Боже, как хорошо было снова лечь в нашу постель.
— Почему ты считаешь, что мое исчезновение было твоей виной? — спросила она, когда ее глаза встретились с моими поверх головы Итана.
— Мелоди…
— Остановись, — прошептала она. И поскольку у нее был какой-то болезненный сверхъестественный контроль надо мной, я остановился. Я не мог смотреть ей в глаза, поэтому вместо этого решил уставиться на Итана.
— Я ненавижу, когда ты называешь меня Мелоди, — тихо сказала она. — Это больно. Мне больно, когда ты отстраняешься от меня. Все, что ты сказал раньше, причинило мне боль. Я ненавижу тебя за то, что ты это говоришь, и я ненавижу себя за то, что мне не все равно. Больше всего на свете я ненавижу то, что я… что мне так трудно сказать, как сильно я тебя люблю.
Черт возьми, женщина.
Подняв глаза, я был потрясен. Я не знал, что сказать.
— Зачем ты все это говоришь? — Это было совсем на нее не похоже.
Она пожала плечами.
— Я не знаю. Я чувствую себя комфортно. Наконец-то у меня есть вы оба; это все, что мне действительно нужно. К тому же я, возможно, выпила три или четыре бокала красного вина.
— Мы всегда были с тобой, Мел. Я не могу понять, почему ты этого не понимаешь. — Как будто она не понимала, что больше не была одна.
— Когда-то у меня была собака, — сказала она, переворачиваясь на спину. — Его звали Руфус, что было нелепо, учитывая, что он был весь белый, а «Руфус» по-латыни означает «красный»…
Она что, бредила? Звучала ли когда-нибудь Мелоди Джованни-Каллахана бессвязно?
— Мой отец никогда особо не выпускал меня из дома. У меня не было друзей, и Руфус был всем, что у меня было. Я рассказывала ему все, и он всегда был рядом. Однажды утром, незадолго до Рождества, мне захотелось покататься на коньках, и я выбежала на улицу.
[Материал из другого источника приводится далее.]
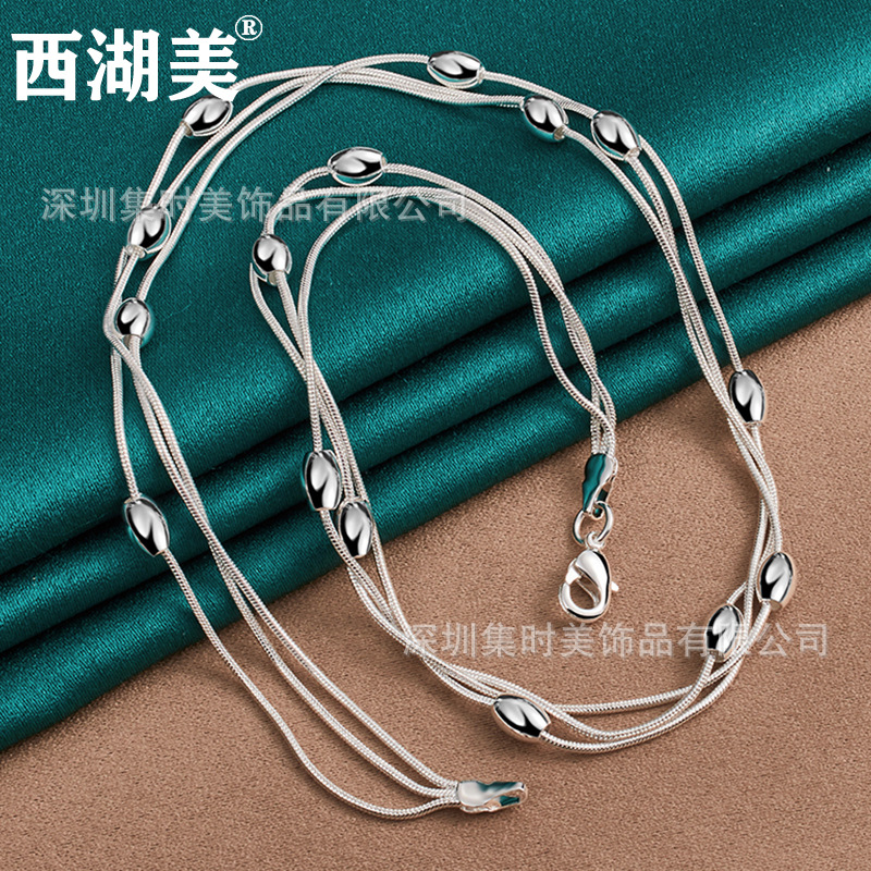 Three-Line Snake Chain String Oval Hollow Ball Necklace Women's Shrimp Buckle Silver Jewelry West Lake Beauty Jewelry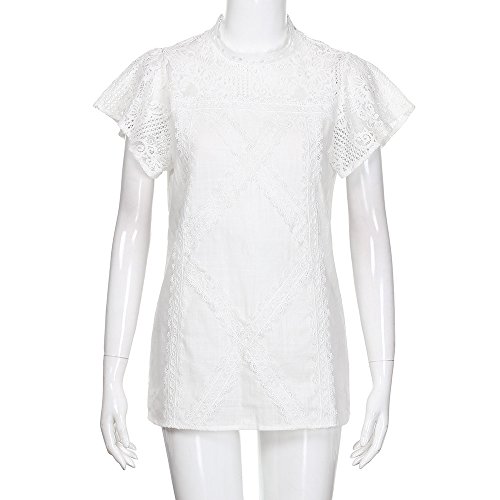 TIFIY T-Shirt Donna Maglietta Casual da Donna Camicetta Patchwork in Pizzo da Donna Camicia a Manica Corta Flare Ruffles Carina Floreale Superiore (Bianco, XXL)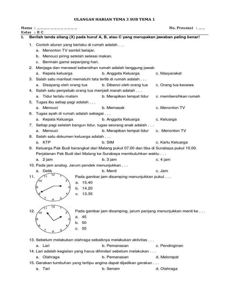 307264748 Soal Ulangan Harian Kelas 2 Tema 3 Sub Tema 1 Docx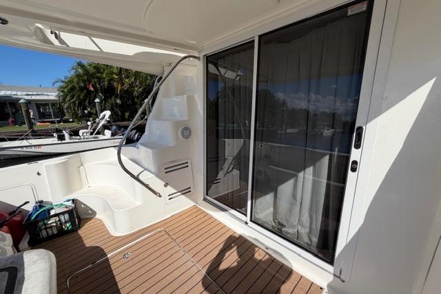 The cockpit has a walk-through transom door for boarding via the swim platform, molded staircases to the flybridge and the foredeck, room for several deck chairs, and a day-hatch for quick and easy access to the machinery space below.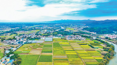 近日,在江西省赣州市大余县青龙镇,田园与道路、房屋构成一幅美丽的田园风光画。近年来,大余县扎实推进高标准农田建设,不断夯实粮食生产基础,提升粮食综合生产能力,有效促进农村经济社会发展和农民增收致富。
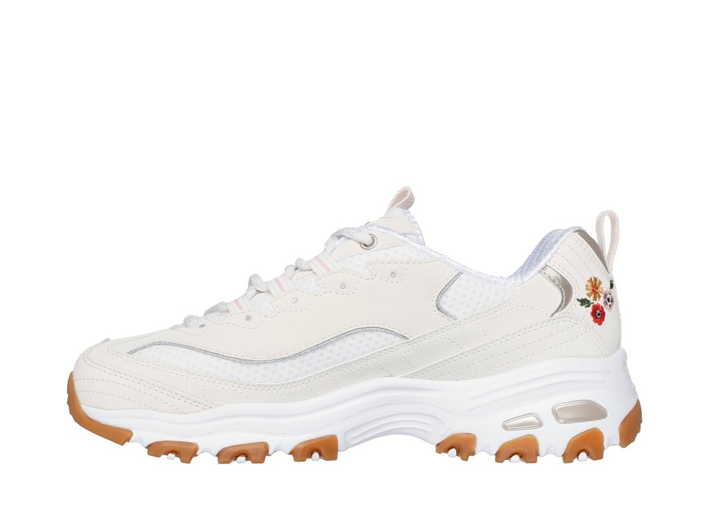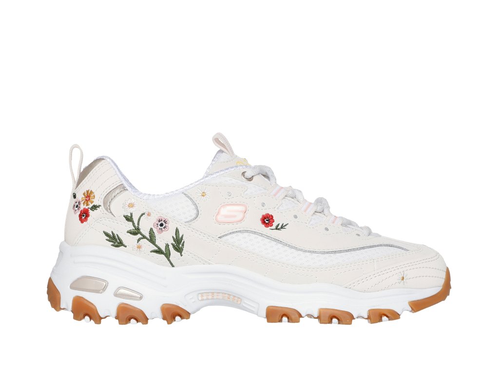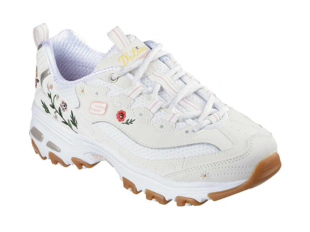 Vyjděte ven v ikonickém květinovém stylu v botách Skechers D'Lites - Spring Bloom. Tento ležérní šněrovací model má horní díl z dura kůže s vyšitými květinami. Nechybí ani mezipodešev tlumící nárazy a polstrovaná stélka Skechers Air-Cooled Memory Foam™.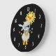 Cooler Lama und lächelnde Kawaii Sun Große Wanduhr

Руфус выбежал вперед меня и просто прыгнул на лед. — Она сделала паузу, и ее губы сжались, прежде чем снова раскрыться. — Он провалился, и только потому, что он был впереди меня, я не выбежала на лед. Орландо не собирался рисковать ничьей жизнью из-за дворняги. Руфус, наконец, выбрался сам. Он дрожал, и не имело значения, сколько одеял я на него накинула, или как сильно я пыталась его согреть, ему не становилось лучше. Орландо не собирался упускать этот момент, чтобы преподать мне еще один урок. Он вывел нас обоих на улицу и вручил мне пистолет.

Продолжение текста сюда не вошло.